In my lecture notes I have this exercise:
Let $G$ and $H$ be cyclic groups. When is $Hom(G,H)<H^G$?
In the solution, before analyzing if $Hom(G,H)$ is a subgroup they define the operation:
$\varphi \psi: G \rightarrow H: x \mapsto \varphi(x) \psi(x)$
and argue that with such an operation $H^G$ is a group . For this part they don't use the fact that the groups are cyclic at all.
Then they find that since H is cyclic, we can use the fact that it is abelian in order to have a subgroup, but argue that there is a weaker condition for that being cyclic, which I guess is just to be abelian.
My question is how could I have known that is the operation I need to define in order to have a group over $H^G$ and that there is no other choice? If there are other choices, how do I know that for any other choice of an operation, $Hom(G,H)$ is still a subgroup under the same condition(to be abelian for the most general one if I was right) found when using the suggested operation?
First: I do not understand what “we can use the fact that it is abelian in order to have a subgroup” means. Do you mean, to prove that $\mathrm{Hom}(G,H)$ is a subgroup, or to just talk about subgroups? If the latter, that makes no sense to me. As soon as you have a group, you can have subgroups.
That said...
You may want to review any section in which they provide examples of groups, because the following is a common construction: if you have a group $G$, and a set $X$, then the set $$G^X = \{f\colon X\to G\mid f\text{ is a function}\}$$ is a group under pointwise product, $(fg)(x) = f(x)g(x)$. This holds for any group $G$ and any set $X$ (you don’t even need $G$ to be abelian, let alone cyclic). It is, in fact, a special case of the direct product with coordinate-wise multiplication, as it corresponds to the direct product of $|X|$ copies of $G$, using $X$ as the index set. It is possible that your source or your lecturer already established this as the standard interpretation of the group $G^X$ whenever $G$ is a group and $X$ is a set. This includes the instance of $H^G$, by looking at $H$ as a group and $G$ as a set. So you should review your notes to see if this has already been discussed earlier.

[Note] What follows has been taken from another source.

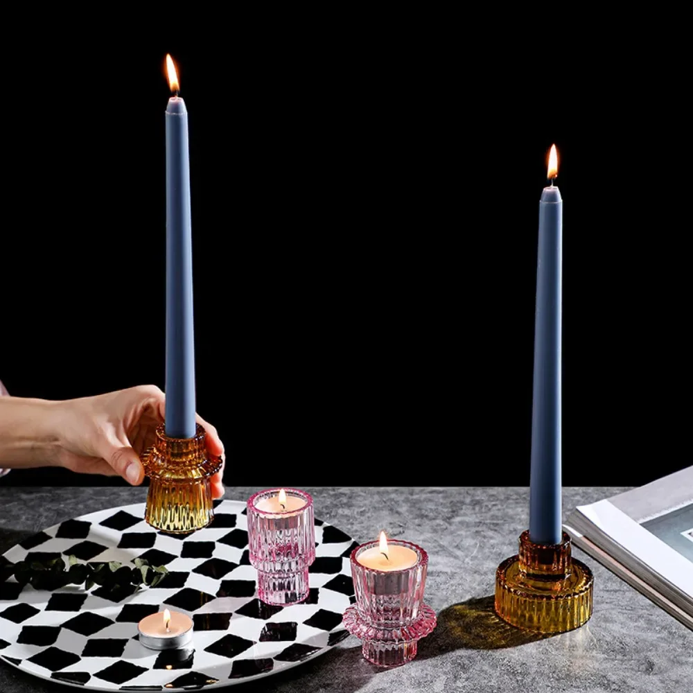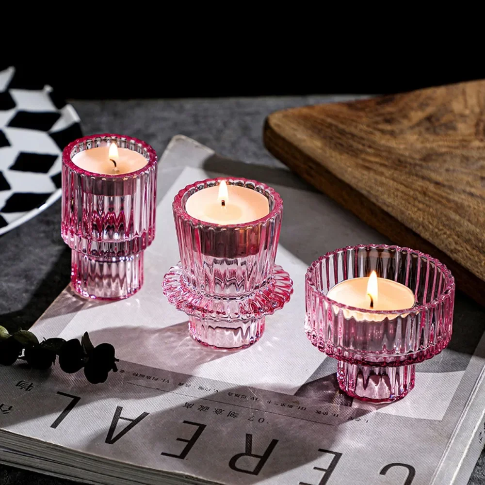 Vintage European Candles Holders Amber Pink Transparent Glass Candlestick Nordic Vertical Patterned Table Candle Stand

While there are “other choices”, none are particularly natural. This is a standard construction; just like if somebody told you “take the group $\mathbb{Z}$”, you are expected to know we mean the group under the operation of the usual integer addition, even though you can give it all sorts of other group structures by using transport of structure, it is unreasonable (almost perverse) to expect people to understand that “the group $\mathbb{Z}$” might refer to one of these many other group structures.
Now, because $\mathrm{Hom}(G,H)$ is certainly a subset of $H^G$, we can ask whether it is a subgroup of $H^G$. It is here that you would use the fact that $H$ is abelian, because otherwise the pointwise product need not make the resulting function a homomorphis. Specifically, if $f$ and $g$ are homomorphisms, you would need $$(fg)(xy) = f(xy)g(xy) = f(x)f(y)g(x)g(y)$$ to be equal to $$\Bigl((fg)(x)\Bigr)\Bigl((fg)(y)\Bigr) = f(x)g(x)f(y)g(y).$$ The equality is equivalent to having $f(y)g(x) = g(x)f(y)$ for all $f,g\in\mathrm{Hom}(G,H)$ and all $x,y\in G$.
This will certainly hold if $H$ is abelian; though it may hold in other situations by happenstance (for example, if every homomorphic image of $G$ in $H$ commute with one another. For an extreme example, $\mathrm{Hom}(A_6,A_5)$ is trivial, because the only morphism from $A_6$ to $A_5$ is the trivial homomorphism, so here $\mathrm{Hom}(A_6,A_5)$ is a subgroup of $(A_5)^{A_6}$, even though $A_5$ is not abelian).
As to your final question: since there is no other natural structure to give $H^G$, there is no condition you can give.